Q1. 相続開始前の人間関係で気をつけた方がよいことはありますか?
相続の分割には相続開始までの人間関係が大きく影響するというのが実感です。日頃から、兄弟などの人間関係がうまくいっていたり信頼関係があれば、相続の話合いのときも意思の疎通は生まれやすいものです。

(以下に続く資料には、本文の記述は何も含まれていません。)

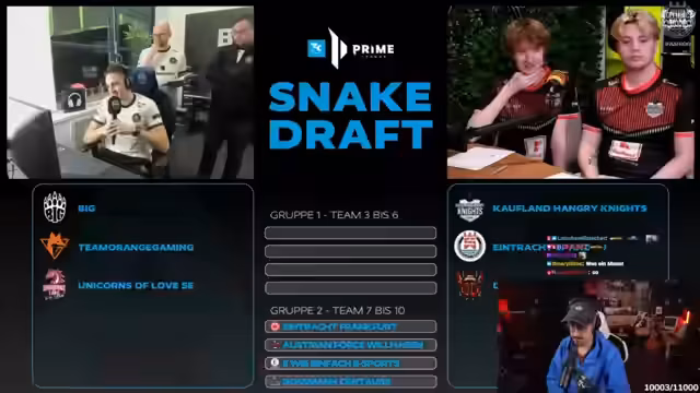 04:20:43Es wird über Internetprobleme und die Draft-Phase der Prime League gesprochen. Die Teams verteilen Punkte an andere Teams, um ihre Stärke einzuschätzen. Eintracht Spandau erhält von Unicorns of Love acht Punkte für den dritten Platz, begründet mit der Stärke von Schipi. Der zweite Platz geht an Big, aufgrund ihrer großen Brieftasche und den großen Namen. Kaufland wird als Nummer eins genannt, da sie die besten Spieler haben. Die Streamer-Teams streamen ihre Scrims, was als dumm angesehen wird. Es wird erwähnt, dass Dung Dynasty auf den vierten Platz geratet wurde, obwohl sie eigentlich schlecht sind. Es wird über die Gruppenverteilung diskutiert und dass die Zentauren Eintracht Spandau am niedrigsten gerankt haben. Es wird spekuliert, ob es besser ist, hoch gerankt zu werden, obwohl man schlecht ist. Eintracht wird auf Platz eins gesetzt, was den Community-Aspekt widerspiegelt. Es gibt zwei Gruppen in der Prime League. Big darf als erstes Team wählen, gegen wen sie spielen wollen und wählen Team Orange Gaming. Eintracht Spandau wird von DonArts gewählt, was für Aufregung sorgt. Die anderen Teams werden ebenfalls den Gruppen zugeteilt.

「魅は与によって生じ、求によって滅す」という言葉があります。あの人は魅力があるというときは、与える(物だけではなく、気持ちも含めて)人であり、求めるばかりの人は魅力が減っていくものだということを表した言葉です。こうした心がけも大切なことです。
相続の話合いのときに、難しいものがあります。
よくあるケースには、農家の長男と他の人たちとの関係があります。農家を継いだ長男が、実際には遺産の土地で農家を営んでおり、他の兄弟たちは別に生活しています。現実には、その人間関係にあった背景が、この相続によって爆発するケースが多いようです。
良い関係が築けたある長男
ある長男の話ですが、長男が遺産の全部を相続し、家を守っていくことになりました。ちょうどその土地に収用の話が起こり、県が道路用地として買ってくれることになったのです。
そこで、長男は兄弟全員を集めてその話をしました。
「先祖の土地を預からせてもらっているので、その土地がお金になりました。ついては少ないけど・・・」と言って、全員に100万円ずつ渡しました。
他の兄弟たちは、長男は墓守や同居の母親の面倒、それに近所づきあいも大変なことを理解していました。 しかも、財産は長男にまかせていたので、もとから何も文句をいうつもりはなかったのです。
しかし、この件によってますます「あの兄貴に任せておけば安心」という感じになったのです。
Q2.生命保険は分割対象の遺産にならないことがあると聞きましたが、どういうことですか?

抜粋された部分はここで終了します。